Tuning clustering

Carrot2 algorithms should produce reasonably good clusters out-of-the box for most inputs. If you'd like to fine-tune the quality or performance of clustering, this article discusses the possible approaches.

Desirable characteristics of input

The quality of clusters and their labels largely depends on the quality of documents provided on the input. Although there is no general rule for optimum document content, below are some tips worth considering.

  • Carrot2 is designed for small to medium collections of documents. Carrot2 algorithms perform in-memory clustering. For this reason, as a rule of thumb, Carrot2 should successfully deal with up to a thousand of documents, a few paragraphs each. For algorithms designed to process millions of documents, check out the Apache Mahout project or Carrot Search Lingo4G.

  • Provide a minimum of 100 documents. Carrot2 clustering algorithms work better with increasing amount of data. A hundred documents on input is probably the minimum for any statistical significance of features discovered by the algorithm. In general, an optimum number of documents would probably fall between 100 and a few thousands. More than that may cause problems due to in-memory processing.

  • Provide query-context snippets instead of entire documents. If the input documents are a result of some search query, provide contextual snippets related to that query (similar to what web search engines return), instead of full document content. Not only will this speed up processing, but should also guide the clustering algorithm to discover query-related spectrum of topics.

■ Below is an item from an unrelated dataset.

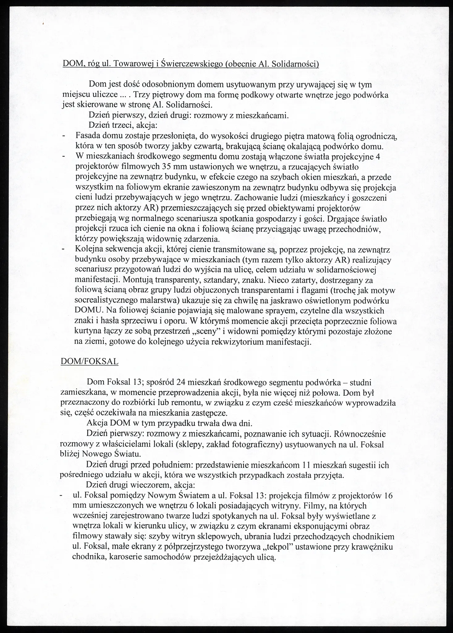 Projekt z serii Dom, zapoczątkowanej w 1978 roku. Forma i przebieg kolejnych akcji wynikały ściśle z ich usytuowania i kontekstu budynku, w którym były realizowane. Dom VI został zrealizowany w obrębie i w pobliżu kamienicy przy ul. Foksal 13 w Warszawie w maju 1986 roku, na zaproszenie Przeglądu Architektury Warszawskiej. Dom przeznaczony był do remontu, część mieszkańców już się z niego wyprowadziła, część oczekiwała na mieszkania zastępcze. Pierwszego dnia zespół AR prowadził rozmowy z mieszkańcami oraz właścicielami położonych w okolicy sklepów i zakładów (np. zakładu fotograficznego). Drugiego dnia przed południem członkowie grupy przedstawili lokatorom jedenastu mieszkań sugestie dotyczące ich pośredniego udziału w akcji. Wszystkie sugestie zostały przyjęte. Wieczorem odbyła się właściwa akcja. We wnętrzach sześciu sklepów i zakładów znajdujących się między kamienicą a Nowym Światem umieszczono projektory filmowe 16 mm. Filmy, na których zarejestrowano twarze ludzi spotykanych na ul. Foksal, wyświetlono tak, że ekranami stawały się szyby witryn sklepowych, ubrania ludzi przechodzących chodnikiem, małe ekrany z półprzejrzystego tworzywa ustawione przy krawężniku, karoserie przejeżdżających samochodów. Równocześnie w kamienicy zapalono światła wszystkich mieszkań, iluminowano oszkloną klatkę schodową, tworząc efekt lirycznej afirmacji domu. Aktorzy AR wynosili kolejno z zamieszkałych jeszcze lokali krzesła oraz fotele, z którymi mieszkańcy byli jeszcze związani. Ustawili je na podwórku, zasiedli na nich, przez wielokrotne powtórzenie tej czynności demonstrowali potencjał relacji zachodzących między człowiekiem a wybranym przez niego miejscem. W kolejnym fragmencie towarzysząca akcji muzyka nagle się urywała, kolorowe iluminacje gasły. Włączano zimne, białe światło, które ukazywało brud podwórka, zużycie foteli i krzeseł.

  • Minimize noise in the input documents. All kinds of noisy fragments in the input like truncated sentences, random alphanumerical strings or repeated boilerplate may decrease the quality of cluster labels. If you are extracting query context for clustering, retrieving complete sentences instead of truncated fragments should improve cluster labels even further.

Tuning parameters

The default settings that come with each algorithm are good for an average case. Each clustering algorithm comes with a number of parameters affecting its output and runtime characteristics. See the algorithm's reference page, such as Lingo parameters, for a list and description of the parameters.

You can easily adjust parameters in Java API. If you call the REST API from Java code, a robust way to override parameters is to use request model classes.

When using the REST API directly, an easy way to get the parameters JSON object is to use Carrot2 Workbench: set the desired values using the left-hand-side panel and then press the parameter export button to get the JSON with just the parameters that are different from defaults.

Carrot2 Workbench, parameter JSON export, light theme.
Carrot2 Workbench, parameter JSON export, dark theme.

Exporting parameters JSON in Carrot2 Workbench.

Tuning language resources

In order to achieve good cluster labels and high clustering quality it is vital to adjust the default language resources so that they exclude any common terms, phrases and expressions specific to:

  • the selected language, including function words such as for or between (the default resources should contain a reasonable number of these already);

  • the domain of documents being clustered.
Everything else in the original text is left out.